Nur ausgezahlt hat es sich für die Partei nicht. Konsequenzen? „Wir werden uns am Mittwoch zusammensetzen und beraten”, sagt Fischer. Dass dabei Köpfe rollen werden, ist aber eher unwahrscheinlich. Fischer selbst hat die Niederlage nicht zu verantworten. Obladen macht den Schlingerkurs seiner Partei für das miserable Abschneiden verantwortlich. „Das hat uns den Hals gebrochen”, so Obladen, der sich nur in Abenden durchsetzen konnte. So wie umgekehrt auch der parteilose Bürgermeister-Kandidat Rolf Rheinbach, der nur in seinem Heimatort Schmidt siegreich war.

„Ich wünsche Frau Göckemeyer viel Glück. Sie braucht jetzt eine Menge Unterstützung und ich kann nur hoffen, dass man ihr auch die nötige Zeit lässt, sich einzuarbeiten”, gratuliert Rheinbach der Bürgermeisterin, die jetzt seine neue Dienstvorgesetzte ist. Die hat am Wahlabend noch bis 1 Uhr in der Nacht in Nideggen gefeiert und sprüht auch am Montag vor Optimismus.

„Sachlich habe ich nur wenig Dissens zu den Parteien und Wählergruppierungen festgestellt. Es geht oft nur um das Wie?”, sagt sie, wohl wissend, dass die Zersplitterung des Rates ihr die Arbeit nicht leicht machen wird. Aber: „Das wusste ich vorher.
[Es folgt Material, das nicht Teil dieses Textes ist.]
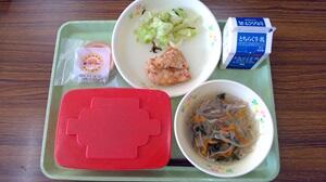 ☆お魚ランチ;ご飯・牛乳・鯵の一夜干し・切り干し大根の胡麻ドレッシング和え・鶏ごぼう汁
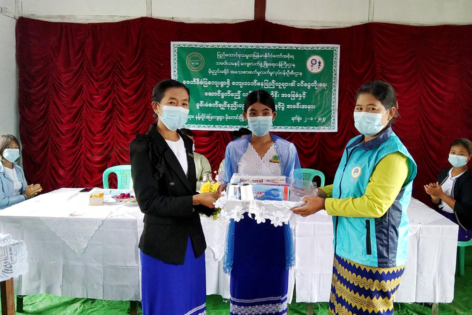 ဖွင့်ပွဲအခမ်းအနားတွင် မိုးကောင်းမြို့နယ်ကျေးလက်ဒေသ ဖွံ့ဖြိုးတိုးတက်ရေးဦးစီးဌာန မြို့နယ်ဦးစီးမှူး ဦးကျော်သူဝင်းက အဖွင့်အမှာစကား ပြောကြား၍ ခရိုင်အသေးစားစက်မှုလက်မှု လုပ်ငန်းဦးစီးဌာနမှ ခရိုင်ဦးစီးမှူး ဒေါ်ယဉ်ယဉ်မြင့်က သင်တန်းနှင့် ပတ်သက်သည်များကို ရှင်းလင်း ပြောကြားပြီး အပ်ချုပ်စက်သင်တန်းသူများအား သင်ထောက်ကူပစ္စည်းပေးအပ်ခဲ့သည်။

Und ich habe Ideen, wie das funktionieren kann.” Glückwünsche kamen am Montag auch von unerwarteter Seite: Heinrich Esser, Vorsitzender der Menschen für Nideggen, die auf Anhieb mit über 15 Prozent der Stimmen und vier Mandaten in den neuen Stadtrat einzogen, sagte über Frau Göckemeyer: „Sie wird eine gute Bürgermeisterin sein.” Lob von einer Wählervereinigung, die immerhin auf Amtsinhaber Hönscheid gesetzt hatte.

Sachliche Politik machen

Dass Gudrun Zentis von den Grünen die neue Bürgermeisterin als „Lichtblick für Nideggen” beschreibt, dürfte wenig verwundern. Sie hat schließlich eifrig für die Kandidatin getrommelt. „Ein Lichtblick, den wir nutzen sollten”, schiebt Frau Zentis hinterher. Und Norbert Klöcker von den Unabhängigen ist ebenfalls mehr als zufrieden mit dem Ergebnis.
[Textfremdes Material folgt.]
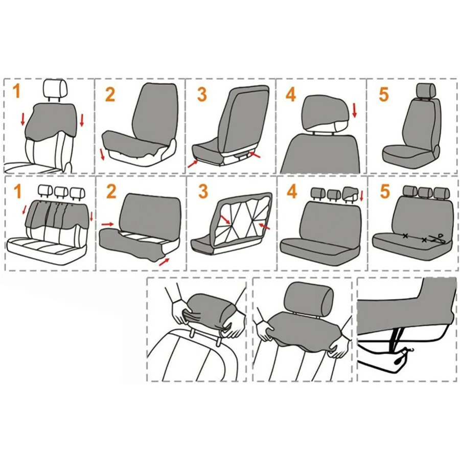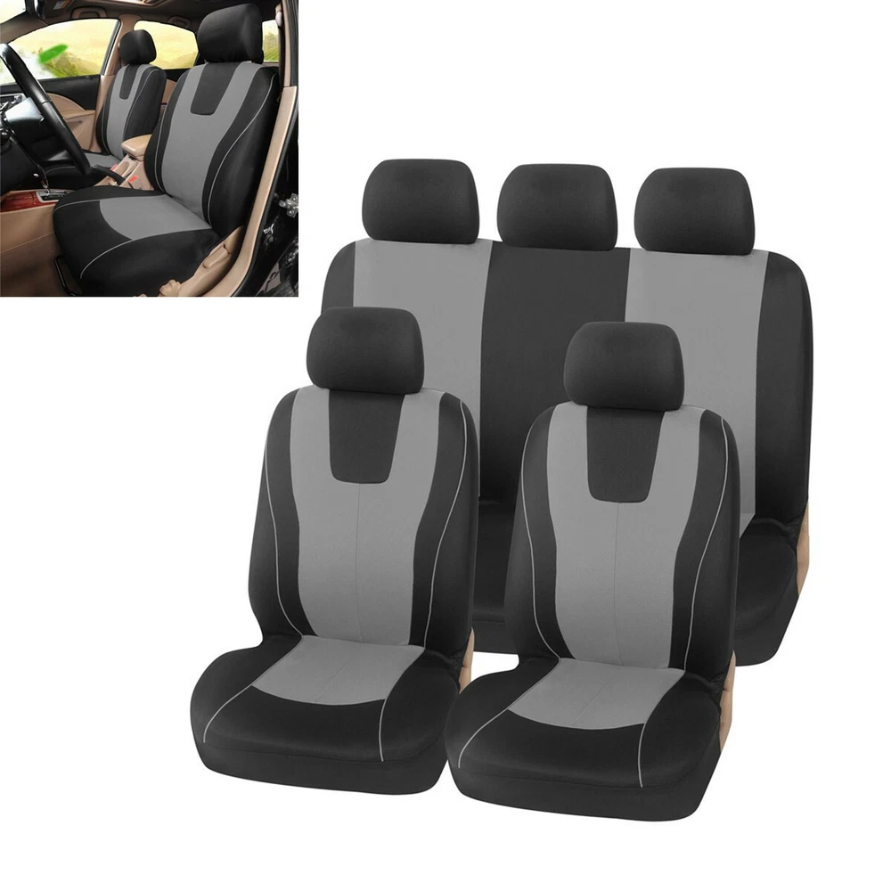 Product Description Gray Car Seat Cover Polyester Fabric Protect Seat Covers Universal Fit For 5-Seats Car Truck SUV Product Description: Item Name: Universal Car Seat Covers Compatible Vehicles: Fits all Standard Car Placement on Vehicle: Front and Rear Material: Polyester + mesh cloth, 3MM sponge double composite padding. Material is washable and breathable Color: Gray Contains: 2 x front seat covers 1 x rear bench cover 1 x rear back cover 5 x headrest covers 1 x Bag Hook Accessories PLEASE NOTE: This is a universal product. Whilst every attempt is made by the manufacturer to cater for all cars we cannot guarantee this will fit every vehicle. This seat cover requires your car’s headrest to be movable. Payment Returns Contact Us Shipping We accept payment by PayPal only ! Payment should be completed within 5 days after buyer places the order,or else an unpaid case will be opened in order to cancel the transaction. If you can not pay in time, please contact us. e-check from PayPal will only be processed once the payment clears. All of the items will be shipped to buyer's EBAY address,please confirm your address on Ebay before you buy.Your order will be usually shipped out the same or next business days once the payment is made and cleared. 30-day Warranty with Exchange for defective, malfunctioned, incorrect or parts-missing items. Please notify us and return the item with all parts and accessories packed and marked "FOR EXCHANGE" within 14 days of receipt. If defective, malfunctioned or parts-missing items are no longer available, a refund may be issued. All returning postage costs will be the responsibility of the buyers under all circumstances. If you encounter any problems about anything, please feel free to contact us and we will do our best to assist you solve the issue. If you are not satisfied in anyway, please feel free to let us know and give us a second chance to correct it before you decide to leave any neutral or negative feedback. Please contact us through eBay link if you have any questions. We will reply you within 24- 48 hours. Please check you spam mail if no response for 48 hours. All items will be checked before packing. All items are new and of high quality. Item will be shipped within 1 business days upon receipt of payment, excluding weekends and public holidays. If to USA,we will ship your order by USPS,it will take about 8-12 working days to you,and you can track it on line. If to other country,we will ship your order by China Post or Singapore Registered Air Mail,it will take about 14-21 working days to you,you aslo can track it on line. Delivery time is about 14-28 business days and it may take up to 8 weeks . Payment We accept payment by PayPal only ! Payment should be completed within 7 days after buyer places the order,or else an unpaid case will be opened in order to cancel the transaction. If you can not pay in time, please contact us. eCHECK from PayPal will only be processed once the payment clears. All of the items will be shipped to buyer's EBAY address,please confirm your address on Ebay before you buy.Your order will be usually shipped out the same or next business days once the payment is made and cleared. Returns 30-day Warranty with Exchange for defective, malfunctioned, incorrect or parts-missing items. Please notify us and return the item with all parts and accessories packed and marked "FOR EXCHANGE" within 14 days of receipt. If defective, malfunctioned or parts-missing items are no longer available, a refund may be issued. All returning postage costs will be the responsibility of the buyers under all circumstances. Contact Us If you encounter any problems about anything, please feel free to contact us and we will do our best to assist you solve the issue. If you are not satisfied in anyway, please feel free to let us know and give us a second chance to correct it before you decide to leave any neutral or negative feedback. Please contact us through eBay link if you have any questions. We will reply you within 24- 48 hours. Please check you spam mail if no response for 48 hours. Shipping All items will be checked before packing. All items are new and of high quality. Item will be shipped within 1 business days upon receipt of payment, excluding weekends and public holidays. If to USA,we will ship your order by USPS,it will take about 7-10 working days to you,and you can track it on line. If to other country,we will ship your order by China Post or Singapore Registered Air Mail,it will take about 14-21 working days to you,you aslo can track it on line. Delivery time is about 14-28 business days and it may take up to 8 weeks . Welcome to our Store ~
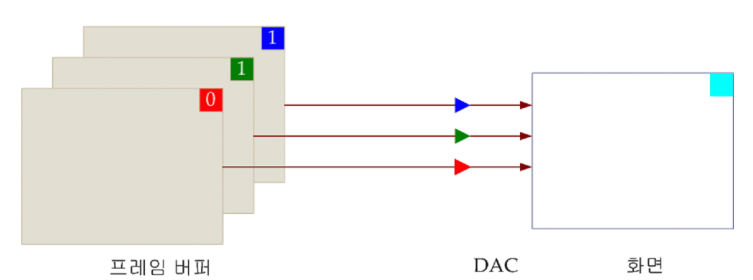 - 프레임 버퍼 내용이 직접적으로 R, G, B 값을 담고 있어, 색 결정
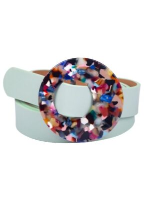 Стильный аксессуар зеленого цвета из эко кожи с ассиметричной разноцветной пряжкой. Цвета застежки станут отличным стилистическим решением при выборе цветовой палитры, чтобы сделать образ законченным и гармоничным. Щелевая пряжка позволяет легко отрегулировать размер под любую фигуру.
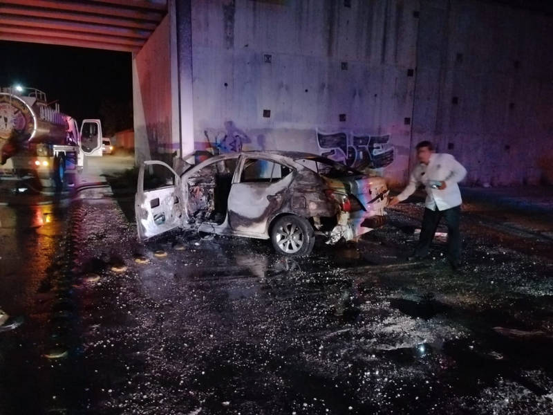 Se incendia taxi sobre autopista El Tintal.

„Das Bürgervotum ist klar. Es gibt keine eindeutigen Mehrheiten im Rat. Also wollen die Bürger, dass wir uns alle zusammenraufen und sachliche Politik machen. Und das passt uns sehr gut ins Konzept.” SPD-Fraktionsvorsitzender Wolf-Dieter Keß kann sich nur über die die neue Bürgermeisterin freuen. Beim eigenen Ergebnis sieht es eher düster aus. Obwohl die CDU über 20 Prozent verloren hat, konnte die SPD davon nicht profitieren und verlor sogar noch einmal Stimmen. „Das liegt aber unterhalb des Landestrends”, machte er seiner Partei Mut.

Nahezu gar keinen Wahlkampf hat der noch amtierende Bürgermeister Willi Hönscheid gemacht. Eine eigene Internetseite? Fehlanzeige. Nur ein Flugblatt gab es. Selbst am Wahlabend war Hönscheid nicht im Rathaus. „Ich war zu Hause”, so Hönscheid, der sich persönlich sehr enttäuscht zeigte. Seit mehr als 16 Jahren stand er in Nideggen an der Verwaltungsspitze - genau 51 Tage bleiben ihm noch. „Meine sachliche Arbeit ist nicht honoriert worden. Ich bin davon ausgegangen, dass der Wähler weiß, was er an mir hat.” Vielleicht war er sich zu siegesgewiss.